**EXERCISE GOAL**. Print only the lines from the one with "The second method" through the end of the data, exactly, and please omit pictures.
--- THE INPUT ---
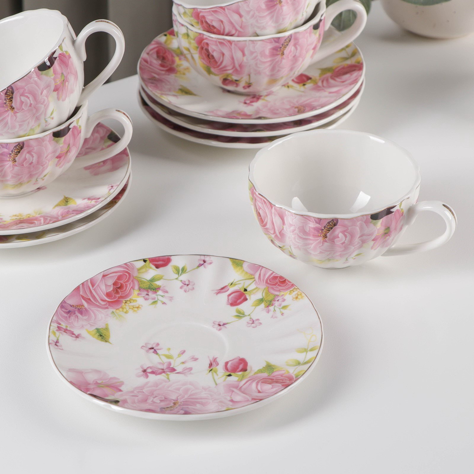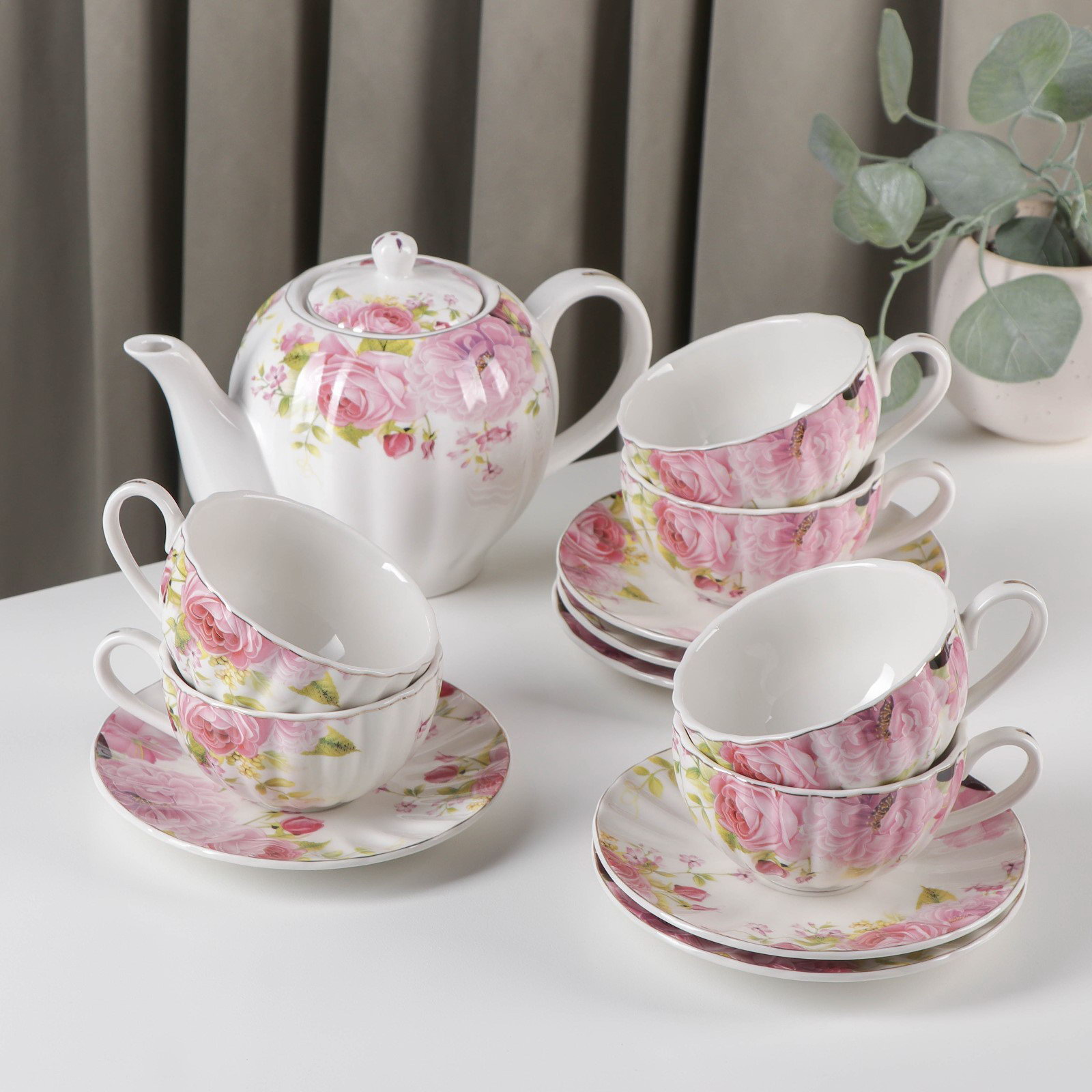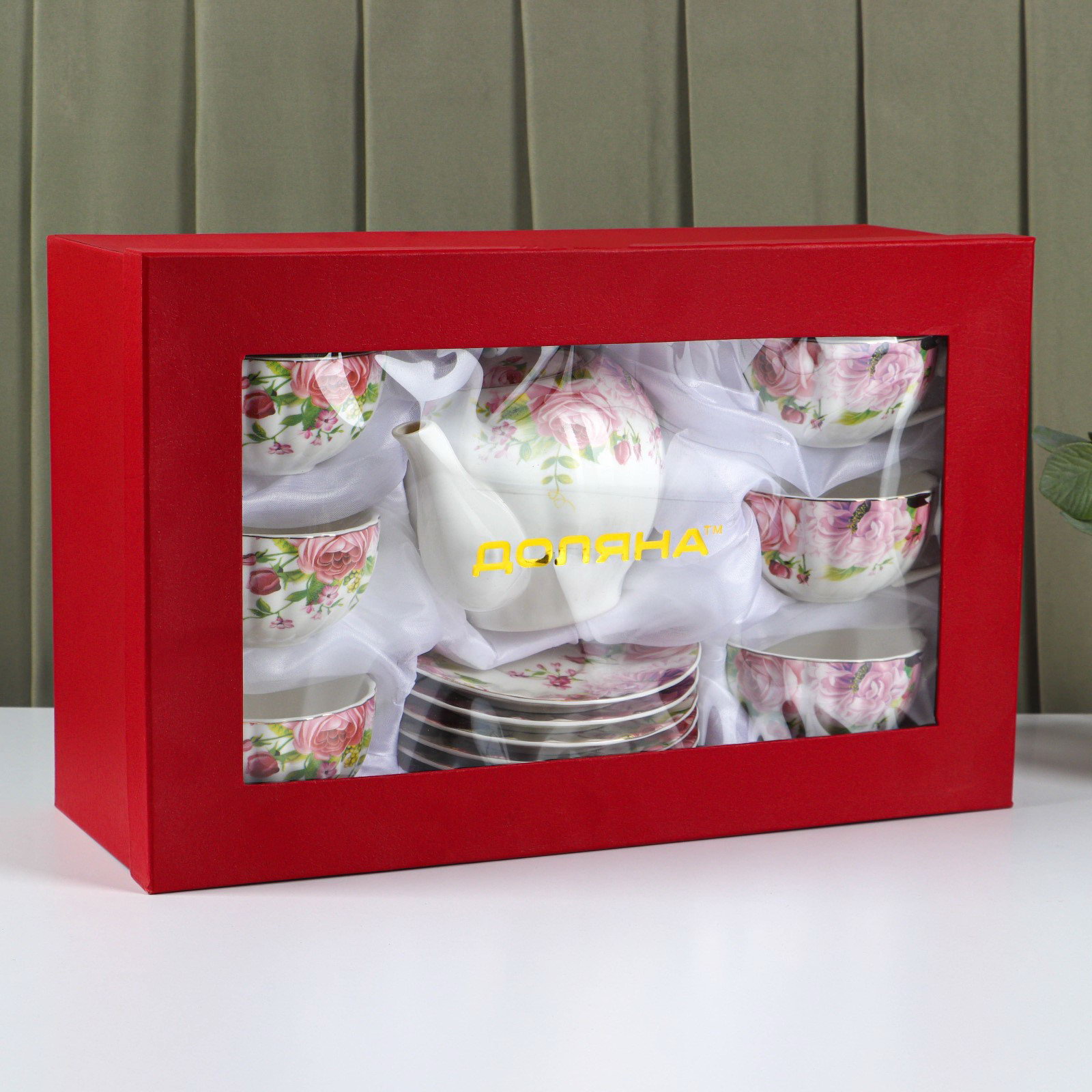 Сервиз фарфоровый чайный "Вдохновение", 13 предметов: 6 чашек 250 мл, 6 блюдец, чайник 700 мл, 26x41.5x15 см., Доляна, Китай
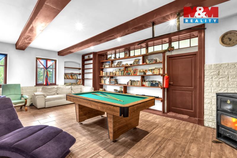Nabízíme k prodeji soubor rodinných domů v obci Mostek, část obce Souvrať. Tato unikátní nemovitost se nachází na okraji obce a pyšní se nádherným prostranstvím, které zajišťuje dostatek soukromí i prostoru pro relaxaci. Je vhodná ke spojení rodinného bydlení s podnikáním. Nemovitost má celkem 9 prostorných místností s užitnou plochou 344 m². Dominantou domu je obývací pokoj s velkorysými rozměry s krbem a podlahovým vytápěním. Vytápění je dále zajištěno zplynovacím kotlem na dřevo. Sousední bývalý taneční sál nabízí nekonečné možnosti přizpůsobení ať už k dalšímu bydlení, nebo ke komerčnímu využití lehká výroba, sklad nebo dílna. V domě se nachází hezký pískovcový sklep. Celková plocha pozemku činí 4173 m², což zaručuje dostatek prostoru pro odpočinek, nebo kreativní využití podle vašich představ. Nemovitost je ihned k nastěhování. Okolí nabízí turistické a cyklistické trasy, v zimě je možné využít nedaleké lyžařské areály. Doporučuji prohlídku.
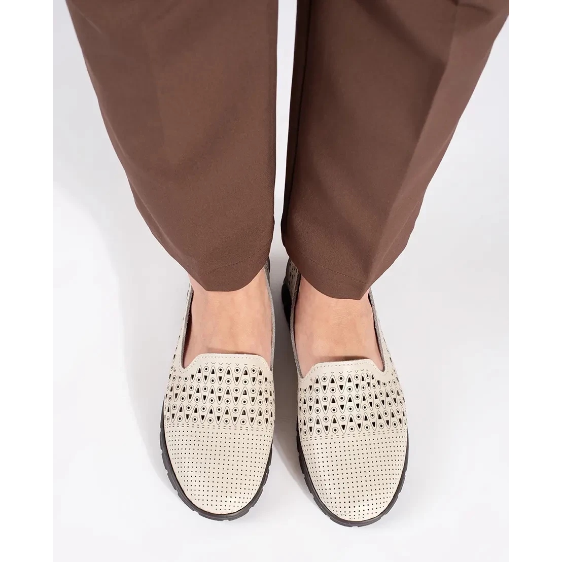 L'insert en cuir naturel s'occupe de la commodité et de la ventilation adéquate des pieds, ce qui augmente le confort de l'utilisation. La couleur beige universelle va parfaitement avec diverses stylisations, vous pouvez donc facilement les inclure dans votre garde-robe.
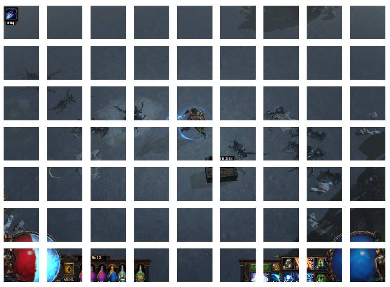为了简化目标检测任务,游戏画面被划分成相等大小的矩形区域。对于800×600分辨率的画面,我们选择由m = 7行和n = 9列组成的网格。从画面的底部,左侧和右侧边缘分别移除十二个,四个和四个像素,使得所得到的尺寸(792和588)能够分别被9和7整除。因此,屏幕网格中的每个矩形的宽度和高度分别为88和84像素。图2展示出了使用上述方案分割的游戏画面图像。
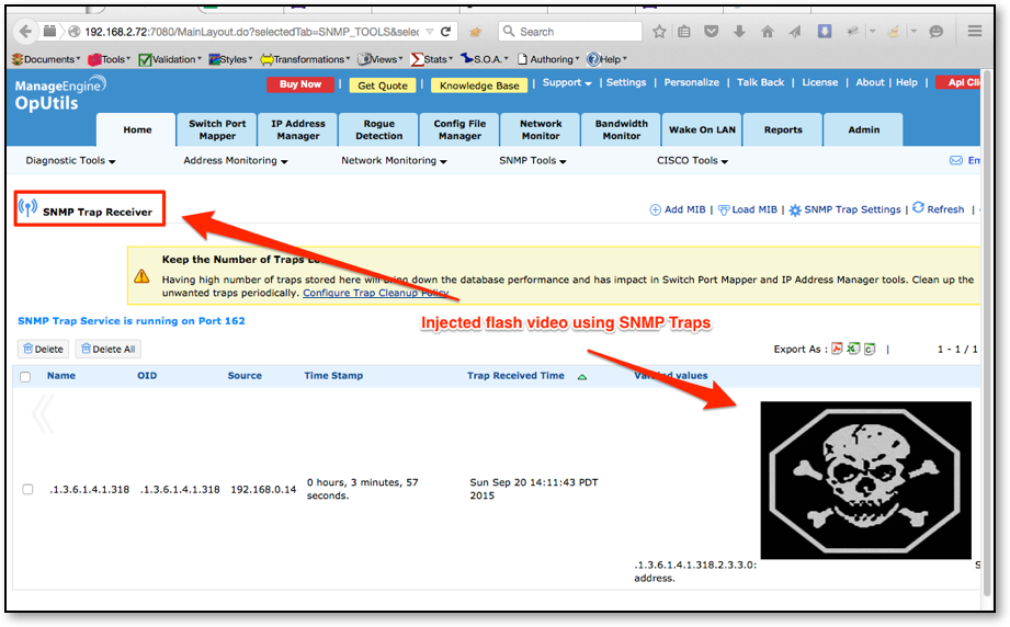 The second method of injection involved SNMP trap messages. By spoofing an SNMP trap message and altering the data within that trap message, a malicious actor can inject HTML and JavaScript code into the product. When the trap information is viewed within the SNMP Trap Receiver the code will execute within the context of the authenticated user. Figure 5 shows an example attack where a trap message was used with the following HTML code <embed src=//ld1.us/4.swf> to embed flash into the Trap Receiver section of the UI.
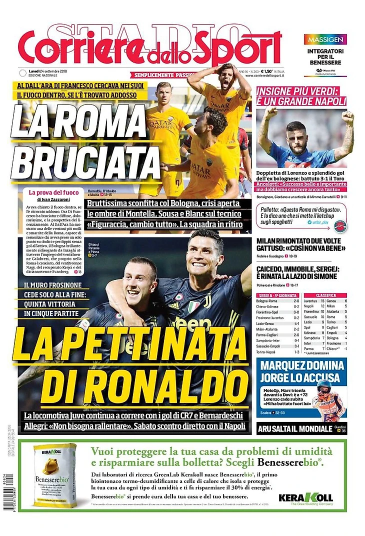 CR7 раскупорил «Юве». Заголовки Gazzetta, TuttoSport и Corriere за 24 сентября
---
**FINISHED EXERCISE**.
 The second method of injection involved SNMP trap messages. By spoofing an SNMP trap message and altering the data within that trap message, a malicious actor can inject HTML and JavaScript code into the product. When the trap information is viewed within the SNMP Trap Receiver the code will execute within the context of the authenticated user. Figure 5 shows an example attack where a trap message was used with the following HTML code <embed src=//ld1.us/4.swf> to embed flash into the Trap Receiver section of the UI.
 CR7 раскупорил «Юве». Заголовки Gazzetta, TuttoSport и Corriere за 24 сентября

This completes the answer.